Deep convolutional neural networks (CNNs) have been successful in many tasks in machine vision, however, millions of weights in the form of thousands of convolutional filters in CNNs make them difficult for human interpretation or understanding in science. In this article, we introduce a greedy structural compression scheme to obtain smaller and more interpretable CNNs, while achieving close to original accuracy. The compression is based on pruning filters with the least contribution to the classification accuracy or the lowest Classification Accuracy Reduction (CAR) importance index. We demonstrate the interpretability of CAR-compressed CNNs by showing that our algorithm prunes filters with visually redundant functionalities such as color filters.
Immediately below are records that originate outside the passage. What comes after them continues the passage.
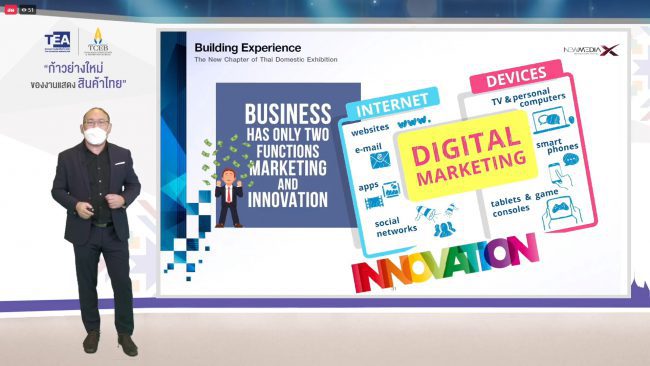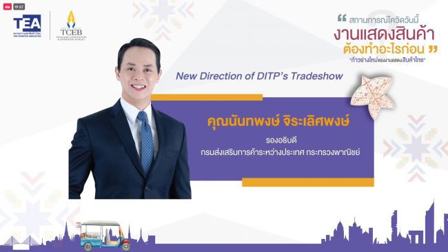 ทีเส็บเปิดแผนขับเคลื่อนงานแสดงสินค้าในประเทศ จับมือสมาคมการแสดงสินค้า (ไทย) TEA และเครือข่ายพันธมิตรด้านไมซ์ ร่วมส่งเสริมการตลาดจัดงานเสวนาออนไลน์ 3 ภูมิภาค เผยกลยุทธ์ขับเคลื่อนอุตสาหกรรมงานแสดงสินค้าในประเทศยุควิถีใหม่ เชื่อมโยงเมืองไมซ์ ดันการจัดงานแสดงสินค้ากระตุ้นเศรษฐกิจและกระจายรายได้สู่ภูมิภาค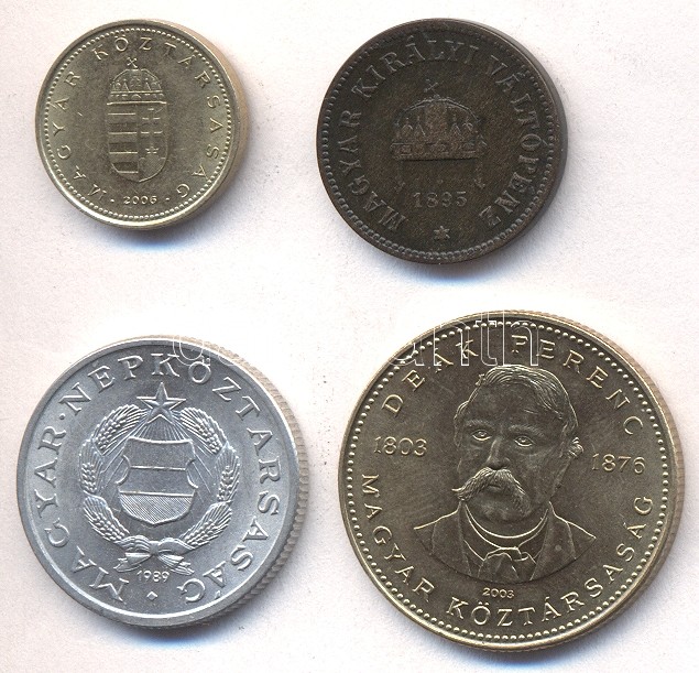 Vegyes 4db-os tétel, közte: 1989. 1Ft "rövid sugaras" + 2006. 1Ft "MAG... https://www.darabanth.com/de/179-Fernauktion/179.0/Numismatik/Ungarische-Munzen~300009/Vegyes-4db-os-tetel-kozte-1989-1Ft-rovid-sugaras-plus-2006-1Ft-MAGYAR-Tvegyes~II636922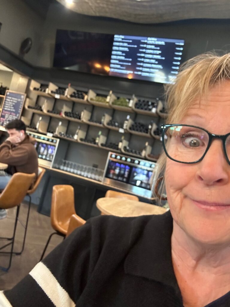 We are enjoying coffee and tea at a “third place” today. The washer was humming and the kitchen was cleaned up from breakfast when we left. And for those who zoom on photos, yes that is a wine bar behind me but have no fear. I am only enjoying a cup of Costa Rica here. Russ has a green tea.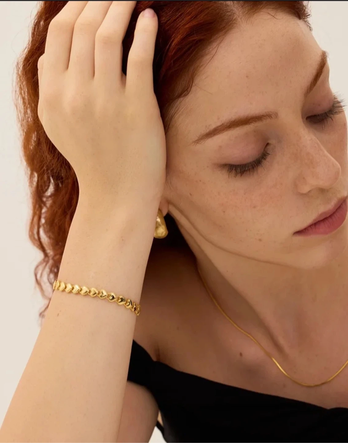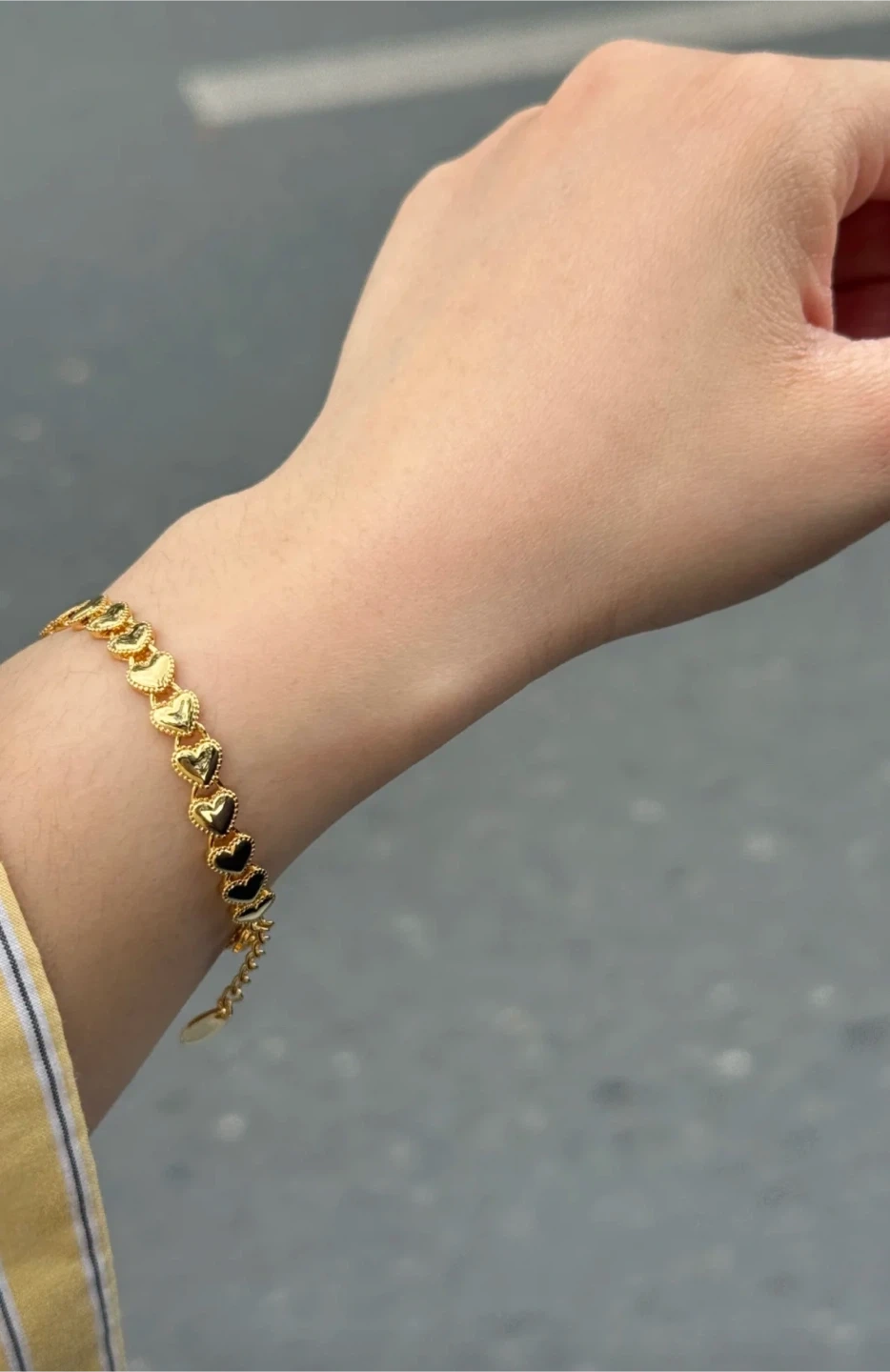 This Winding Moonlight bracelet features a delicate chain with alternating gold hearts. It has an adjustable clasp for a comfortable fit. This piece adds a lovely touch of sparkle!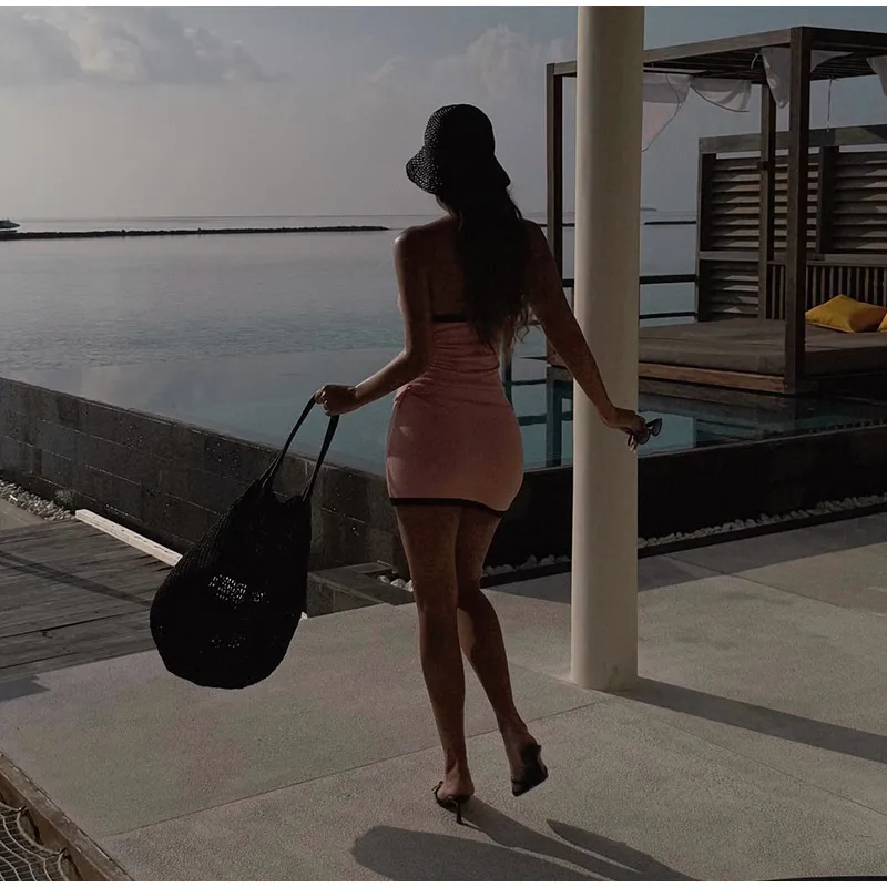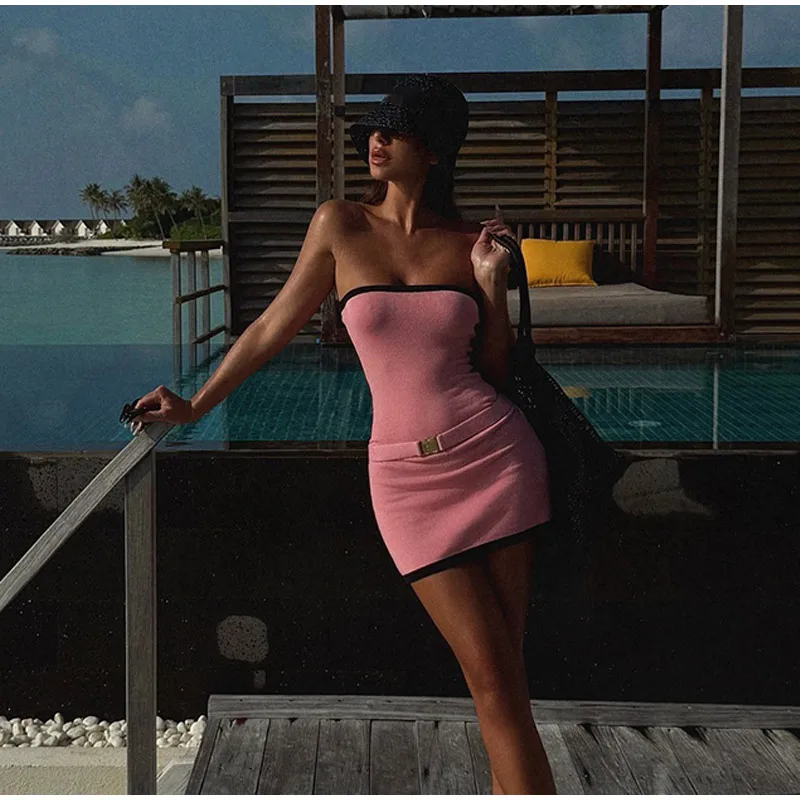 MQTIME - Sexy Knit Mini Dress Women Strapless Sleeveless Backless With Belt Slim Hip Package Dresses Female 2025 Spring Summer Lady Robe

These compressed networks are easier to interpret because they retain the filter diversity of uncompressed networks with an order of magnitude fewer filters. Finally, a variant of CAR is introduced to quantify the importance of each image category to each CNN filter. Specifically, the most and the least important class labels are shown to be meaningful interpretations of each filter.

Highlights

  • Deep convolutional neural networks (CNNs) achieve state-of-the-art performance for a wide variety of tasks in computer vision, such as image classification and segmentation (Krizhevsky et al, 2012; Long et al, 2015)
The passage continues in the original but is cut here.